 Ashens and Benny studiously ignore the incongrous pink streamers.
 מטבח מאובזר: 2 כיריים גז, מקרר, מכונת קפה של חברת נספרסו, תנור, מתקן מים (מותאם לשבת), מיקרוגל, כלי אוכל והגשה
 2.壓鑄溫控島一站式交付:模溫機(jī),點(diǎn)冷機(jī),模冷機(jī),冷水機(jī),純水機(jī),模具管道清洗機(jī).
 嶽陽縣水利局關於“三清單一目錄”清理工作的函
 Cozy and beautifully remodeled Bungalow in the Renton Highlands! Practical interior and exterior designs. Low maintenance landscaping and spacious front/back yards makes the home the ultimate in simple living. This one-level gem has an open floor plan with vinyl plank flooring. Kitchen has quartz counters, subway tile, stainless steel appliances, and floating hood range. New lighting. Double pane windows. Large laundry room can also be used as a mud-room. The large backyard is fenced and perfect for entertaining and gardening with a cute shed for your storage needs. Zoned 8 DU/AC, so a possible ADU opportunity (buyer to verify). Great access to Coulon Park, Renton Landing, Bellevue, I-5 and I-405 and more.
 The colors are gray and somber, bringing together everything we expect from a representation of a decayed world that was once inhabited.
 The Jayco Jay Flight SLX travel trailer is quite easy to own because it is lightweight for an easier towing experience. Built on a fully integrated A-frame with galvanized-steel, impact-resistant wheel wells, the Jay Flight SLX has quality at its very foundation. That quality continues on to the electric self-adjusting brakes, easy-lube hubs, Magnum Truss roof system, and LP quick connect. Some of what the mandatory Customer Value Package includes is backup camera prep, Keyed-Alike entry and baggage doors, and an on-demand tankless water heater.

········

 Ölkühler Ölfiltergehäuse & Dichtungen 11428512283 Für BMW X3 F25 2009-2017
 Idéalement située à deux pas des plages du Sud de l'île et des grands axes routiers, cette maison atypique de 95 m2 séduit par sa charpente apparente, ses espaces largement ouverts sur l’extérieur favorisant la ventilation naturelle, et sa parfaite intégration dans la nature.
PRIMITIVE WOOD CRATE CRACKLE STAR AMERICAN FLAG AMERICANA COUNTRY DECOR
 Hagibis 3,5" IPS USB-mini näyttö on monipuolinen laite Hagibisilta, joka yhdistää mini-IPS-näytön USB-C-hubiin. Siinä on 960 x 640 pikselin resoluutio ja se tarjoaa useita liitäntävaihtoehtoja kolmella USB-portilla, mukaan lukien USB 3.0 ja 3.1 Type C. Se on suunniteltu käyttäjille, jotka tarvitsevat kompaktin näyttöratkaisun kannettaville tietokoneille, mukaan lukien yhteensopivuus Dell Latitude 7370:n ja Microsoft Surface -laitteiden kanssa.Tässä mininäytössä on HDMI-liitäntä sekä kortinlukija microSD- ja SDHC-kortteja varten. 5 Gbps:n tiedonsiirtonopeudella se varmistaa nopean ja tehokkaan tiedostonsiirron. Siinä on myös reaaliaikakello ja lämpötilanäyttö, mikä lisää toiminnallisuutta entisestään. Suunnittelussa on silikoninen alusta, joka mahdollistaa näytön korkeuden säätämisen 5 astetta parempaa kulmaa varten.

········

- [Work order]:
Above are the records; copy exactly the lines from the line with "מטבח מאובזר: 2" through the line with "The colors are", both included.

- [Task response]:
 מטבח מאובזר: 2 כיריים גז, מקרר, מכונת קפה של חברת נספרסו, תנור, מתקן מים (מותאם לשבת), מיקרוגל, כלי אוכל והגשה
 2.壓鑄溫控島一站式交付:模溫機(jī),點(diǎn)冷機(jī),模冷機(jī),冷水機(jī),純水機(jī),模具管道清洗機(jī).
 嶽陽縣水利局關於“三清單一目錄”清理工作的函
 Cozy and beautifully remodeled Bungalow in the Renton Highlands! Practical interior and exterior designs. Low maintenance landscaping and spacious front/back yards makes the home the ultimate in simple living. This one-level gem has an open floor plan with vinyl plank flooring. Kitchen has quartz counters, subway tile, stainless steel appliances, and floating hood range. New lighting. Double pane windows. Large laundry room can also be used as a mud-room. The large backyard is fenced and perfect for entertaining and gardening with a cute shed for your storage needs. Zoned 8 DU/AC, so a possible ADU opportunity (buyer to verify). Great access to Coulon Park, Renton Landing, Bellevue, I-5 and I-405 and more.
 The colors are gray and somber, bringing together everything we expect from a representation of a decayed world that was once inhabited.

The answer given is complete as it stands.